Data extracted from a collection:
=== Begin Enclosure ===
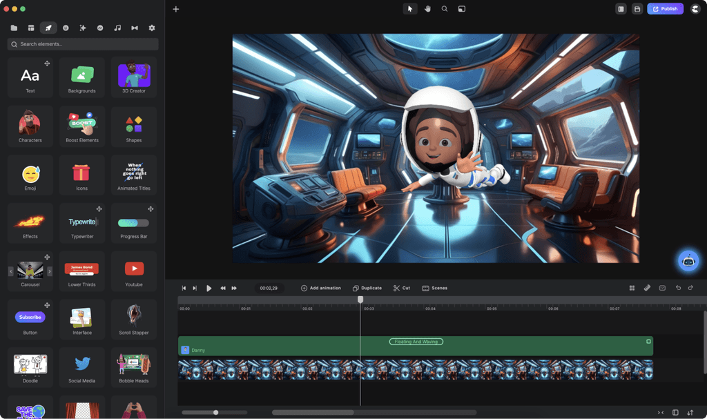 Sebaik sahaja anda puas hati dengan video kartun, anda hanya perlu tekan Publish. Anda boleh eksport video kartun dalam pelbagai format sehingga 4K.
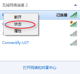 找到你所毗连的收集,右键点击,选择状况选项。
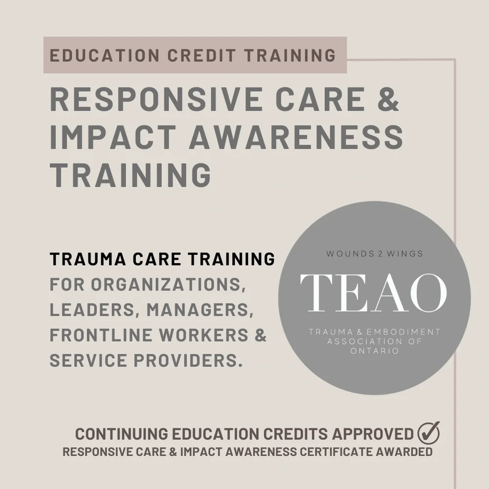 As a Trauma and Embodiment Organization for organizations, leaders, managers, frontline, teachers, first responders, clinicians, practitioners, doctors, nurses, students in the field of helping, graduates of post-secondary education, post secondary institutions etc., Our training has been approved for Continuing Education Credits (CECs): 12 CECs through the Ontario Association of Mental Health Professionals (OAMHP)*.
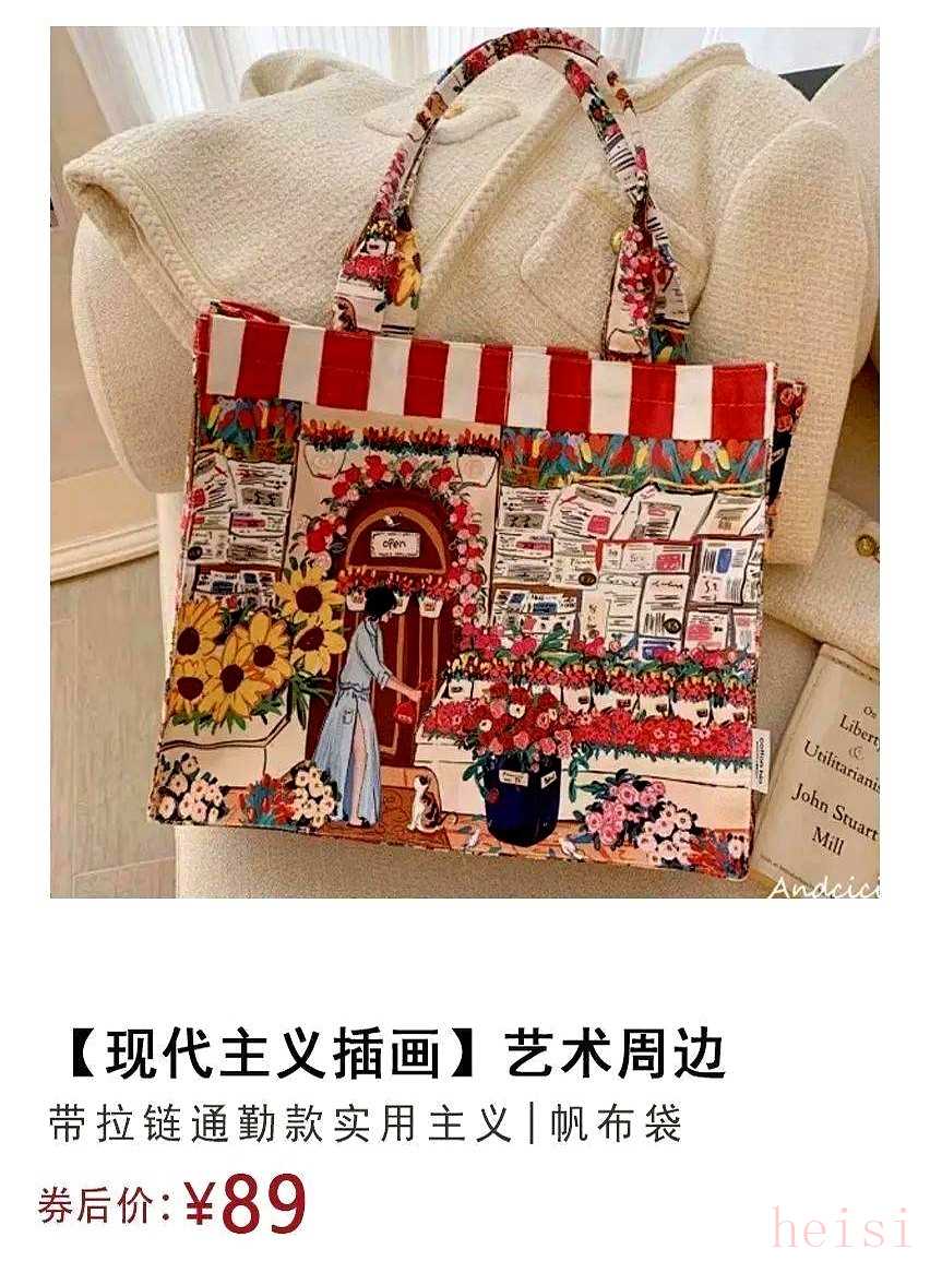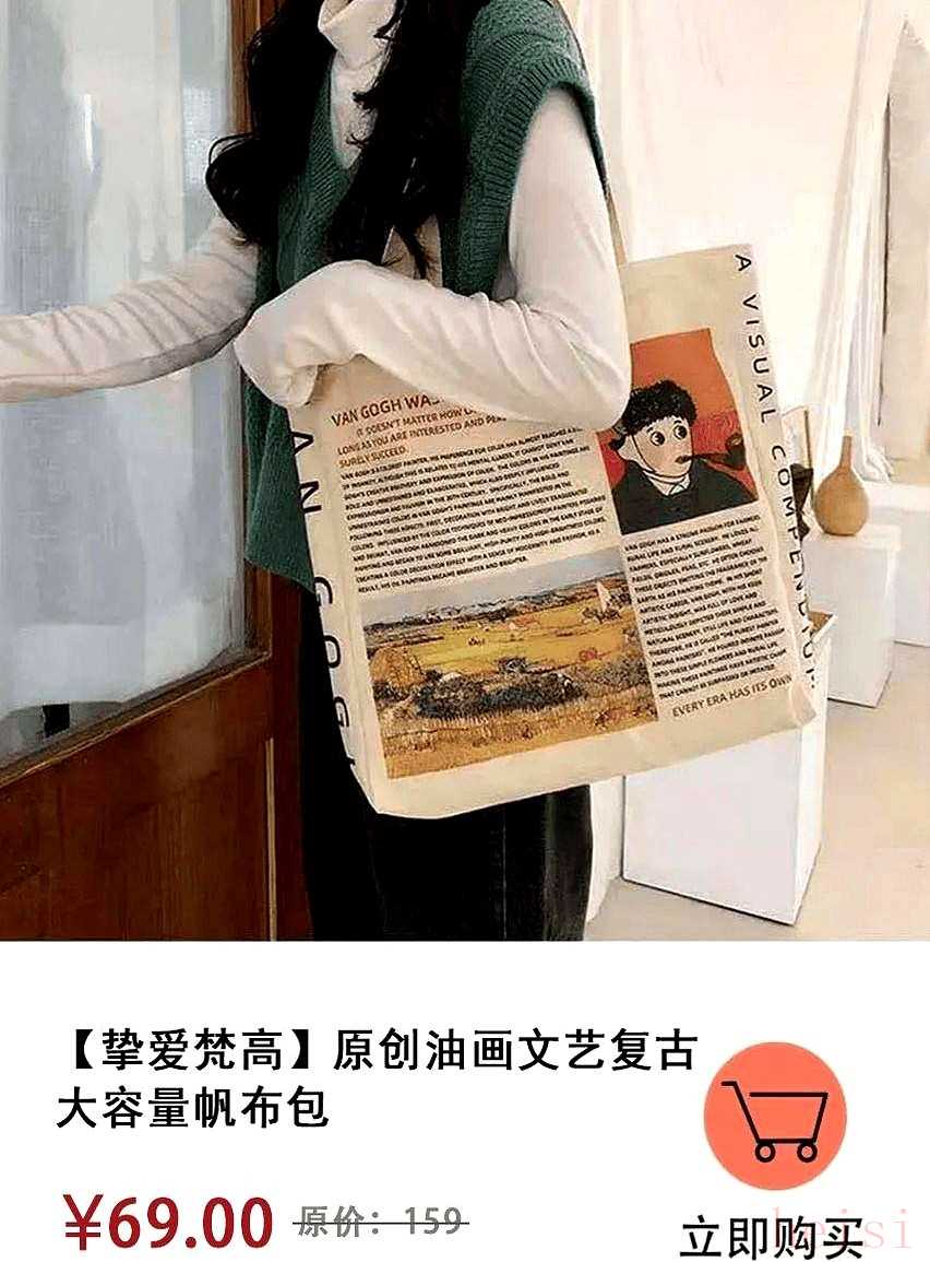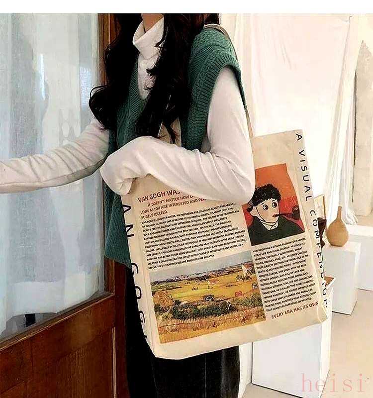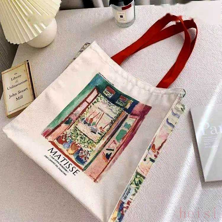 1. "梵高帆布包":采用梵高的《星夜》或《向日葵》等經(jīng)典畫作圖案,色彩鮮明,充滿藝術(shù)氣息。
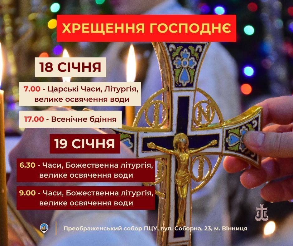 На фейсбук-сторінці Вінницько-Барської єпархії опублікували також розклад богослужінь на свято Хрещення Господнього.
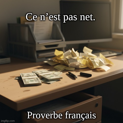 Image: Peter van Geest AI. Signification 🔍 : Sens général: “Ce n’est pas clair”, “quelque chose cloche”, “il y a anguille sous roche” Connotation: Soupçon de doute, d’irrégularité ou de malhonnêteté (sans preuve formelle). Pour une personne: “Il/elle n’est pas net(te)” peut signifier “bizarre”, “instable” ou “pas très honnête”, selon le contexte. Origine et histoire:Mot “net”: vient de l’ancien français net (du latin nitidus “brillant, propre”), d’abord “propre, sans tache”, puis par extension “clair, distinct”. Construction négative “pas net”: Attestée dans la langue populaire au moins depuis le XIXe siècle, pour marquer le doute ou le caractère louche d’une situation. À noter: Ce n’est pas un “dicton” au sens proverbial; c’est une locution idiomatique courante. Auteur: Aucun auteur identifié. Expression issue de l’usage populaire et de l’évolution naturelle du mot “net”.
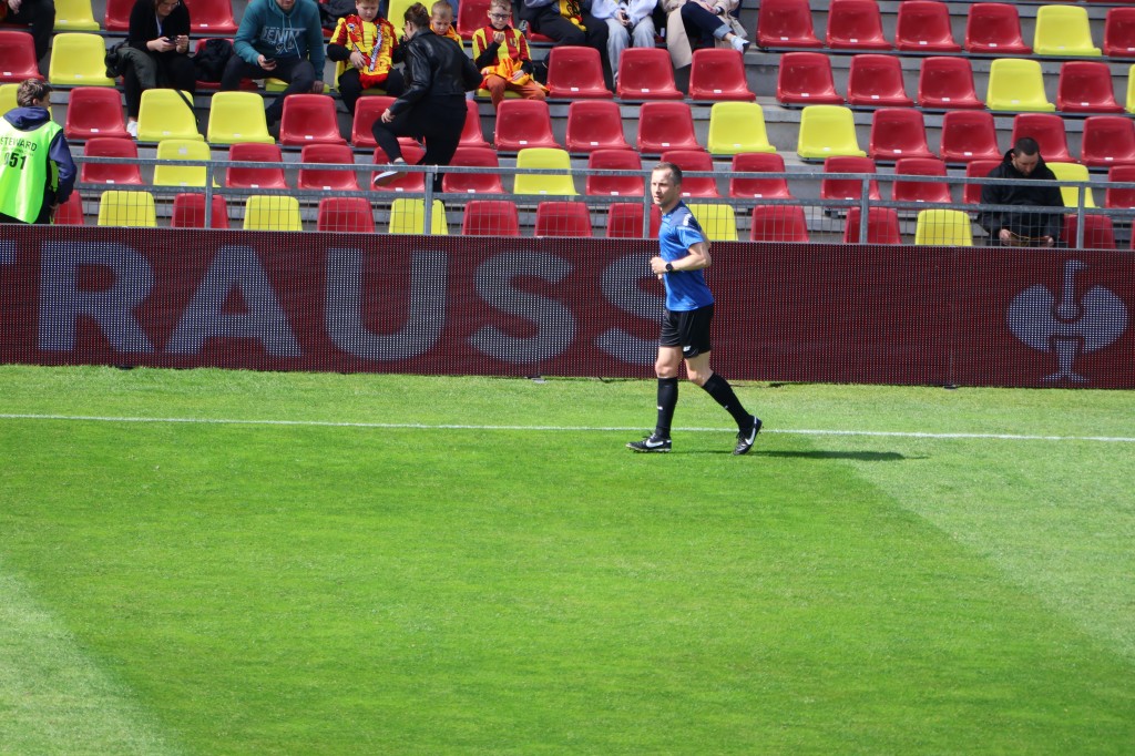 Dawid Błanik. Marius Olsen wybija a sędzia Frankowski zakończył pierwszą połowę
=== End Enclosure ===
◆ **Problem**:
Provide an exact copy of only the lines from the beginning of the entries through the line containing "As a Trauma", both ends included, with no pictures.

◆ **Solution**:
 Sebaik sahaja anda puas hati dengan video kartun, anda hanya perlu tekan Publish. Anda boleh eksport video kartun dalam pelbagai format sehingga 4K.
 找到你所毗连的收集,右键点击,选择状况选项。
 As a Trauma and Embodiment Organization for organizations, leaders, managers, frontline, teachers, first responders, clinicians, practitioners, doctors, nurses, students in the field of helping, graduates of post-secondary education, post secondary institutions etc., Our training has been approved for Continuing Education Credits (CECs): 12 CECs through the Ontario Association of Mental Health Professionals (OAMHP)*.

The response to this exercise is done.